Diabetics can eat potato chips! Whoops, no they can’t …

diabetes potato chips

I’ve never been “into” snacks. I usually don’t sit around eating potato chips and other garbage while I watch TV, but I saw these chips and my first thought was gosh I wonder if diabetics can eat potato chips?!

Since carbs are bad, and potatoes are just lumps of carbs, diabetics generally should stay away. But potato chips are so thin! How bad could they be? I mean, yeah they contain a stupid amount of sodium, but some chips won’t kill my blood sugar … right?

Also, I just wanted these chips. Just because I don’t eat a lot of snack foods doesn’t mean I don’t want them from time to time. I love kettle chips, and jalapeno flavor? Umm yeah. Gimme. Now.

diabetes potato chips

So I bought the bag and measured out about 50g of potato chips. This number was arbitrary. I just poured out a pile of chips that I thought of as “satisfying” but not outrageously excessive. Considering that the whole bag was only 170g total weight, 50g was actually kind of a lot.

diabetes potato chips

50g of potato chips was almost one-third of the bag. And those small bags of potato chips that you get from vending machines? Those are about 28g each. So eating 50g of chips is almost like eating two of those little snack bags.

diabetes potato chips
This “variety pack” of potato chips is 28.3g per bag.

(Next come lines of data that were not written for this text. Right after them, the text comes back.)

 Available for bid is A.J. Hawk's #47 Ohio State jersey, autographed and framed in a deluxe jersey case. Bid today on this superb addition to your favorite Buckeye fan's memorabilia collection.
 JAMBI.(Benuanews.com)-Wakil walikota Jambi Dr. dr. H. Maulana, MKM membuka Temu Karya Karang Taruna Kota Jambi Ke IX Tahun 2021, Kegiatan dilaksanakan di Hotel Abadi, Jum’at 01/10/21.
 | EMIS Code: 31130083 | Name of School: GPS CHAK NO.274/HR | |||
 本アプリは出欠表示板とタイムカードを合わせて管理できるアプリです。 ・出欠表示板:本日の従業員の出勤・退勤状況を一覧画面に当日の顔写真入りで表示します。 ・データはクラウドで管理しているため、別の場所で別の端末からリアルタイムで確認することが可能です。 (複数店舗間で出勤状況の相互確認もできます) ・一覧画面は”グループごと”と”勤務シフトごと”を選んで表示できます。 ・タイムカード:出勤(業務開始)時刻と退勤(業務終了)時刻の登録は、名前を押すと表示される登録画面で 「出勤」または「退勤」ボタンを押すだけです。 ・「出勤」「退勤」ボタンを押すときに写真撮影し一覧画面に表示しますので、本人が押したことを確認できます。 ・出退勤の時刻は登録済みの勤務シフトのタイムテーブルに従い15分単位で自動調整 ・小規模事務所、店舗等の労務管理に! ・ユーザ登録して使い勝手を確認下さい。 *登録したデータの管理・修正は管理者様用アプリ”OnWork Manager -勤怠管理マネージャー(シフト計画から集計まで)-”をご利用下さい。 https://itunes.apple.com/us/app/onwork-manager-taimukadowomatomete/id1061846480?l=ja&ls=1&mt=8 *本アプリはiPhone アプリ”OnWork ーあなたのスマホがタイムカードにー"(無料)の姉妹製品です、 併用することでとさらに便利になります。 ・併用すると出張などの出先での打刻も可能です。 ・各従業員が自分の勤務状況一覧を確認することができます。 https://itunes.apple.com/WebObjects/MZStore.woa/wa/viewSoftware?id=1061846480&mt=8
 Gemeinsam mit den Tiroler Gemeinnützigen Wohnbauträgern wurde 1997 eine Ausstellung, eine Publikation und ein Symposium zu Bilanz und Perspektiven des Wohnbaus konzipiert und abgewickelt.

Blood sugar reading before eating: 108

This reading of 108 was after work, several hours after lunch.

Blood sugar reading after eating: 134

The 134 was about an hour after eating my 50g of potato chips. During that hour, I was out walking Terry.

So 108 → 134 is definitely not a big deal! To eat the equivalent of two snack-size bags of chips and get an increase of just 26 mg/dL was really encouraging.

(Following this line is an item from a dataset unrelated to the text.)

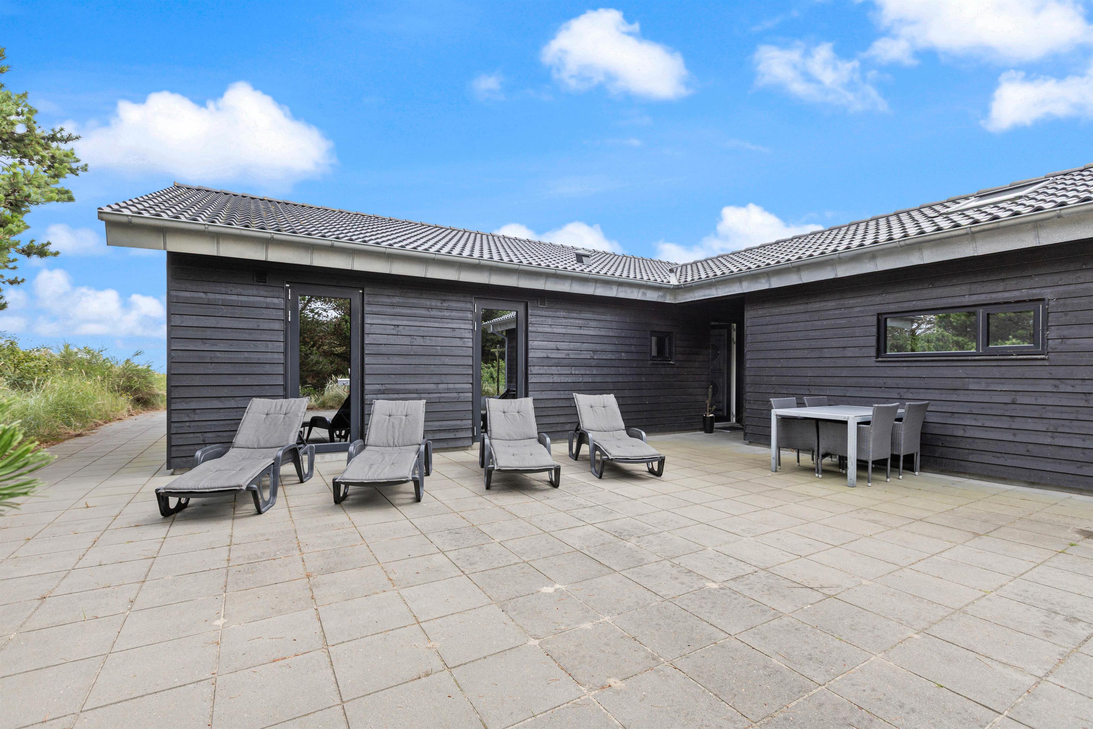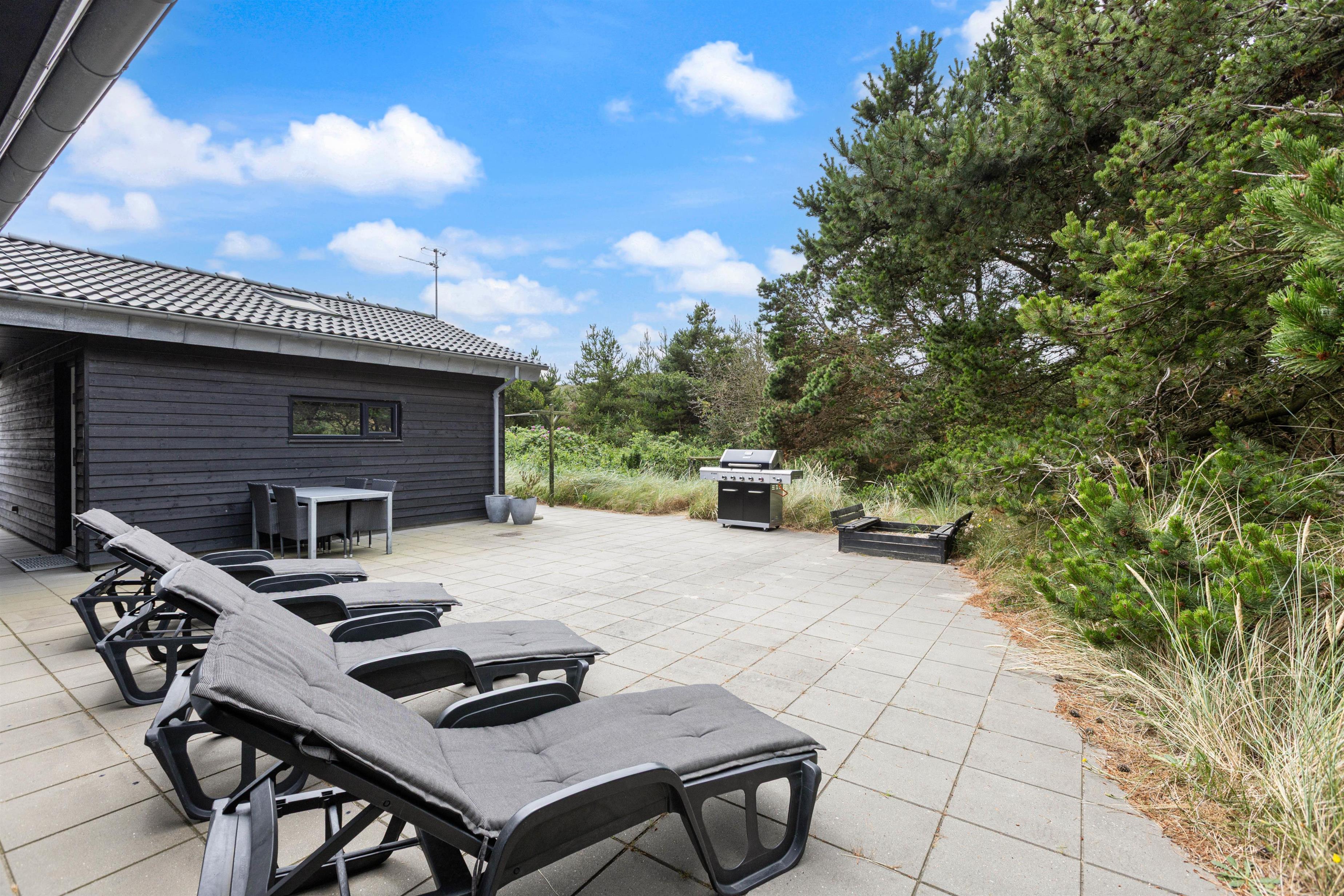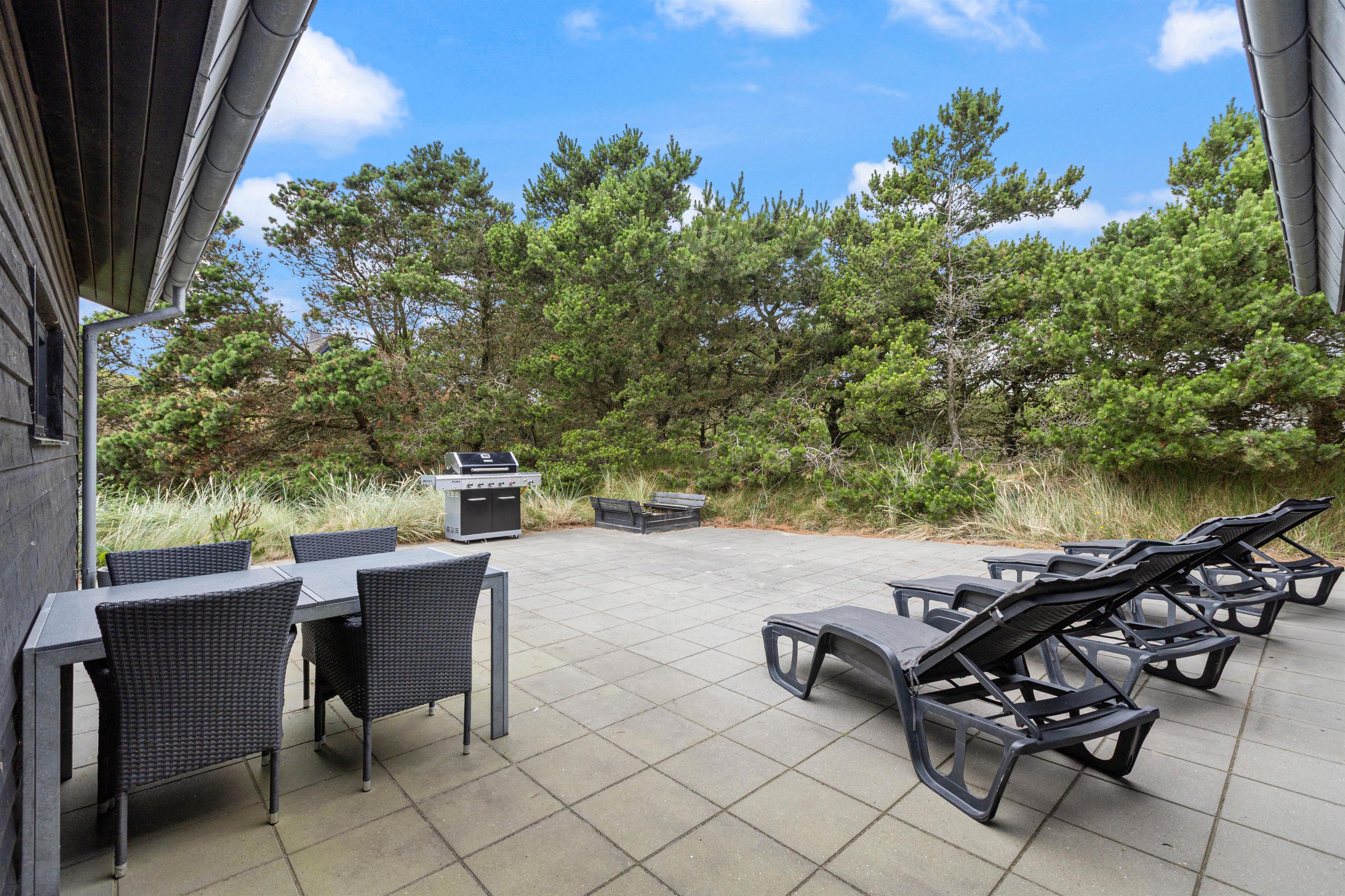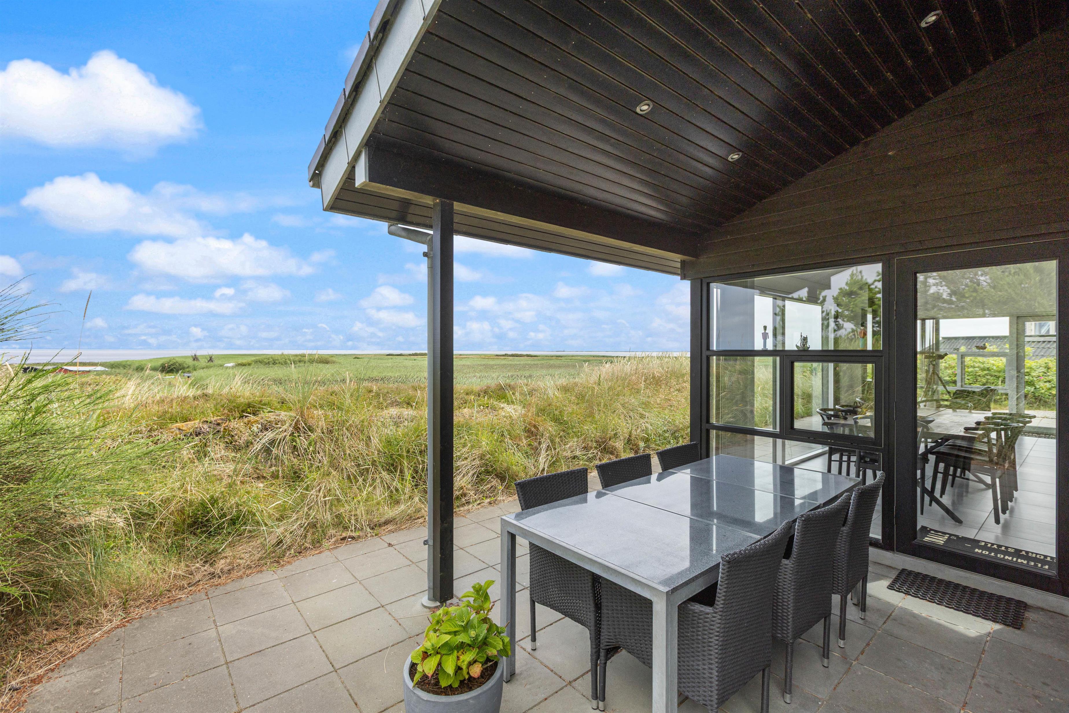 Feriehusets beliggenhed er helt unik, og I får en enestående panoramaudsigt til Ringkøbing Fjord fra stuen såvel som fra den store terrasse, der løber hele vejen rundt om huset. Her får I både en overdækket og åben del, som er godt afskærmet af grantræerne og gør de gode terrassedage helt ugenerede.

And then about 30 minutes after the 134 reading, I decided to eat a couple of tacos for dinner. So I made the tacos and, before eating them, I checked my blood sugar again.

diabetes potato chips

SURPRISE, MOTHERF**KER! 205!!!!

I had eaten nothing during the 30 minutes that passed between the 134 and the 205.

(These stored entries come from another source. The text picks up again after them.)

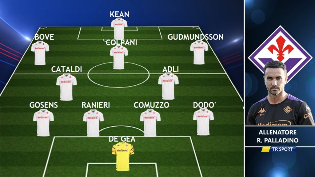 FIORENTINA (4-2-3-1): De Gea; Dodô, Comuzzo, Ranieri ©, Gosens; Adli, Cataldi; Gudmundsson, Colpani, Bove; Kean. Allenatore: Stefano Citterio (Palladino squalificato)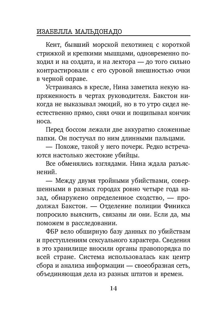 Нина Геррера – та, кому удалось сбежать от загадочного серийного убийцы по прозвищу Шифр, а затем ликвидировать его. Теперь она входит в группу профайлеров ФБР.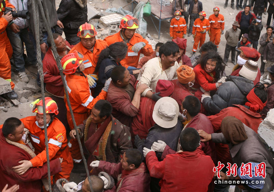 2010年4月16日13:50分左右,青海省玉樹藏族自治州玉樹縣地震發生第三天,在中心城區一垮塌賓館現場一名被埋54小時13歲的才珍拉姆被國家地震局應急救援隊等成功救出。4月14日07時49分許,青海省玉樹藏族自治州玉樹縣(北緯33.1,東經96.7)發生7.1級地震。中新社發 劉忠俊 攝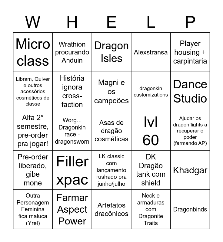 This bingo card has a free space and 29 words: Outra Personagem Feminina fica maluca (Yrel), Dragon covenants, Worg... Dragonkin race - dragonsworn, Evoker class, Micro class, Dragon Isles, História ignora cross-faction, Filler xpac, lvl 60, Farmar Aspect Power, Ajudar os dragonflights a recuperar o poder (farmando AP), Dragonbinds, Artefatos dracônicos, Neck e armaduras com Dragonite Traits, Dance Studio, LK classic Deluxe com um bicho que não era mount virando mount, LK classic com lançamento rushado pra junho/julho, Pre-order liberado, gibe mone, Player housing + carpintaria, Alfa 2° semestre, pre-order pra jogar!, DK Dragão tank com shield, Galakrond filler boss, dragonkin customizations, Libram, Quiver e outros acessórios cosméticos de classe, Alexstransa, Wrathion procurando Anduin, Khadgar, Magni e os campeões and Green Jesus.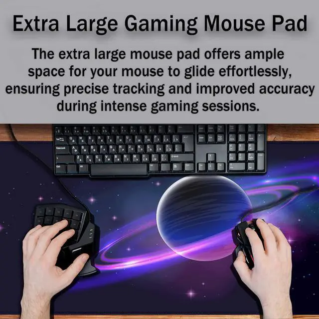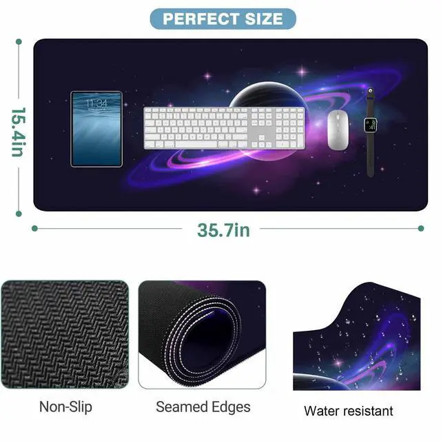 Y YIHANGBEST Blue Purple Planet with Ring Gaming Mouse Pad Nebula and Star Light Sky Large Full Desk Keyboard Mousepad for Computer,Home,Office 35.4"X15.7"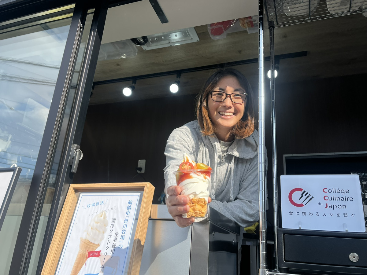 船橋市内のトマトとイチゴを主力にする農家「三須トマト農園」(船橋市印内3)が2月16日、京成西船駅前の空き地でソフトクリームなどを販売するキッチンカーの営業を始めた。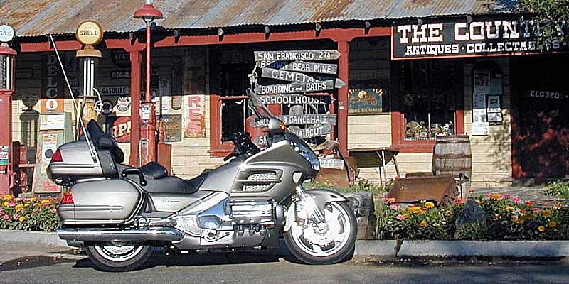 My wife Amy was kicked-back on the cush passenger pillion singing at the top of her lungs along with the ’80s station blaring from the Honda’s Panasonic stereo system, and we were slipping past cars in the outside passing lane of a flowing corner near the top of Highway 299’s Buckhorn Summit. Life was good.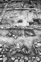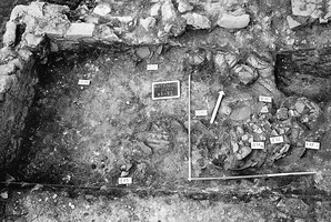 A quantity of slag of varying sizes was found in a destruction deposit with roof tile in the east of the plot. There must have been a workshop in the area, though remains of the structure have yet to be located.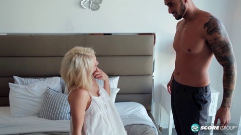 Die platinblonde Milf Desiree Eden geht tief mit ihrem Enkel.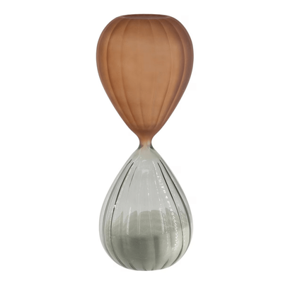 A STYLISH FUSION OF MODERN DESIGN AND TIMELESS FUNCTION, THIS HOURGLASS FEATURES A SLEEK COPPER FRAME WITH SOFT GREY SAND. PERFECT AS A DESKTOP ACCESSORY OR DECORATIVE PIECE, IT BRINGS ELEGANCE AND SOPHISTICATION TO ANY SPACE WHILE SUBTLY MARKING THE PASSAGE OF TIME.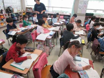 1年1組の国語の時間です。

Had I not checked my blood sugar again, I would have falsely believed that eating 50g of chips was basically harmless. But I guess I needed another half hour for those chips to really do their thing on my glucose.

Is it normal for my blood sugar to creep up a little for an hour and then suddenly shoot up over the next half an hour? Dang. I dunno! I suppose it’s possible that my walking during that hour kept my blood sugar down.

diabetes potato chips
Eating 50g of potato chips meant I was eating over 30g of carbs. That’s very bad.

I’ve been in the habit of checking blood sugar one hour after eating, but I guess now I’ll have to start doing checks at 60 minutes and again at 90 minutes. That might tell me something about whether today’s potato chip adventure was just a fluke.

But for now, anyway, I think the verdict on potato chips is DO NOT EAT. Well, do not eat two small bags’ worth.

A smaller quantity is permissible, I’m sure. But you know what they say about Lay’s … you can’t eat just one! And I guess that applies to other brands, too.